Tüm bu çalışmalarımız için bir yol haritası olma özelliği taşıyan Türkiye Uluslararası Doğrudan Yatırım (UDY) Stratejisi (2024-2028) belgemizi geçtiğimiz Temmuz 2024'te yayınladık. Türkiye'nin küresel UDY akımlarından aldığı payı artırmayı ve ülkeye nitelikli yatırımlar çekmeyi hedefliyoruz. Ana gayemiz Türkiye'nin uluslararası doğrudan yatırımlar portföyünü geliştirmek ve 2028 yılına kadar küresel UDY pastasındaki payımızı %1'den %1.5'e çıkarmak. Strateji belgemizde Türkiye için öncelikli ve nitelikli uluslararası doğrudan yatırım alanlarını detaylı bir şekilde tanımladık ve yapay zeka tabanlı teknolojilerin geliştirilmesine ve uygunlanmasına yönelik yatırımlar da öncelikli yatırım alanları olarak belirledik. Bu bağlamda hedefimiz, bu tür nitelikli yatırım projelerini ülkemize çekerek ülkemizin küresel ve bölgesel ölçekteki güçlü pozisyonunu daha da artırmak. Bu hedefe uzanan yolda, teknoloji girişimciliği ekosistemimizle özellikle yatırımcılara ve fonlamaya erişebilmeleri ekseninde yoğun çalışmalar yürütüyoruz.

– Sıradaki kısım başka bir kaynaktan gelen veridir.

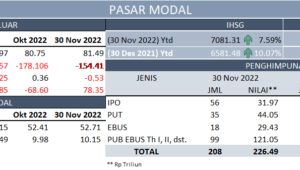 Pasar saham hingga akhir November 2022 melemah 0,25 persen mtd ke level 7.081,31 dengan non-resident mencatatkan inflow sebesar Rp0,74 triliun mtd. Secara ytd, IHSG tercatat menguat sebesar 7,59 persen dengan non-resident membukukan net buy sebesar Rp81,49 triliun.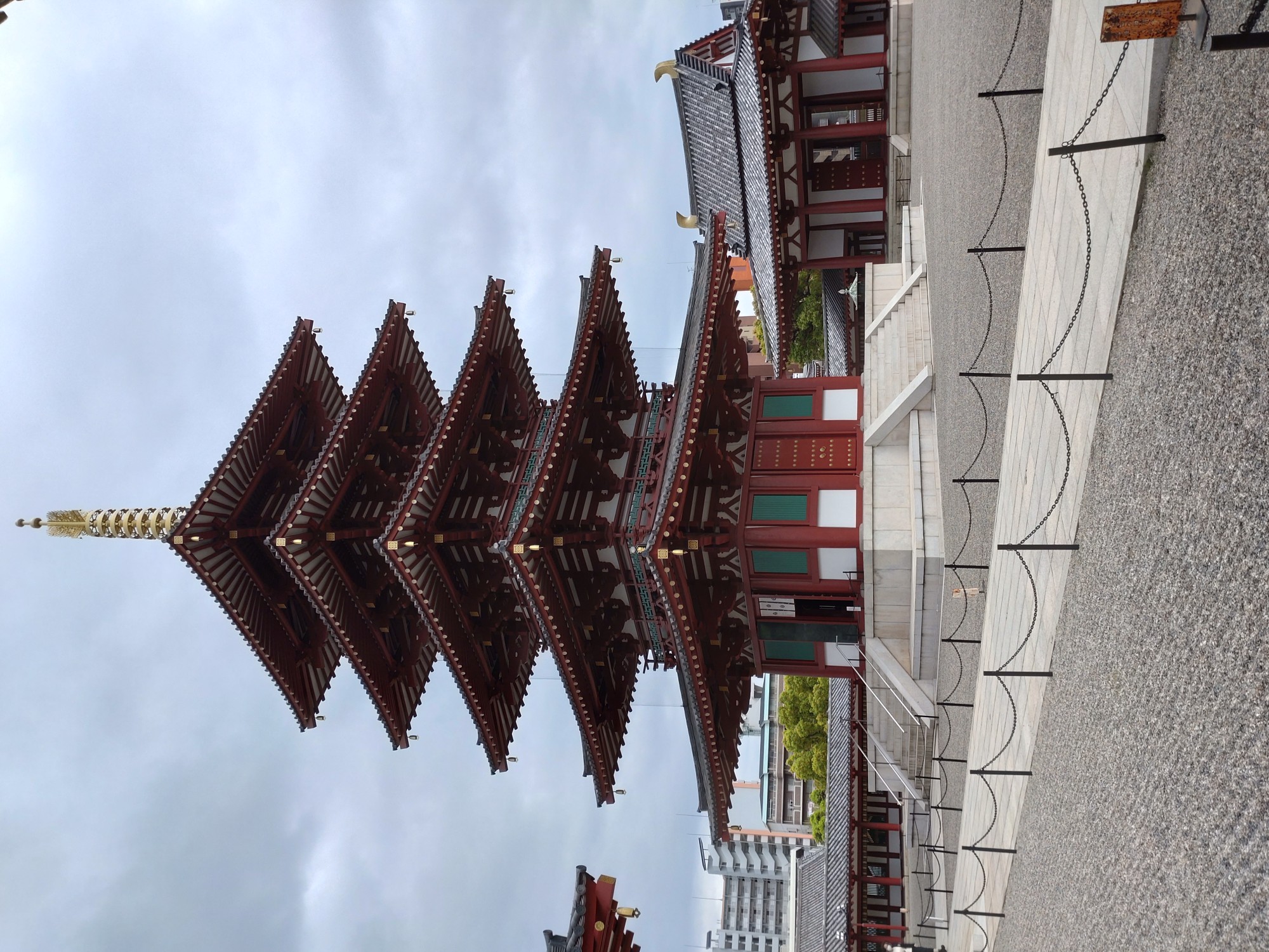 Shitennoji is the oldest state-sponsored Buddhist temple in Japan, having been founded in 593 by Prince Shotoku, the revered early champion of Buddhism. The temple complex has been rebuilt several times over the centuries, enduring as a spiritual refuge for the people of Osaka. From south to north, the Central Precinct opens via the Inner Gate. Inside is the five-storied pagoda, which stands 39 meters tall, topped by a 12-meter finial called a sorin.

Sonuç olarak bizler Türkiye'nin Dünyanın Bağlantı Noktası olduğuna inanıyor ve tüm çalışmalarımızda bu mottoyu öne çıkarıyoruz. Bugün dünyada artıları ve eksileriyle yapay zekanın tüm sektörleri, yatayda ve dikeyde kesen dönüştürücü etkisi tartışılmaktadır. Bu hızlı değişim sürecinde ülkemiz, Ar-Ge, teknoloji ve inovasyon odaklı yatırımlar için dünyanın bağlantı noktası olmaya devam edecek.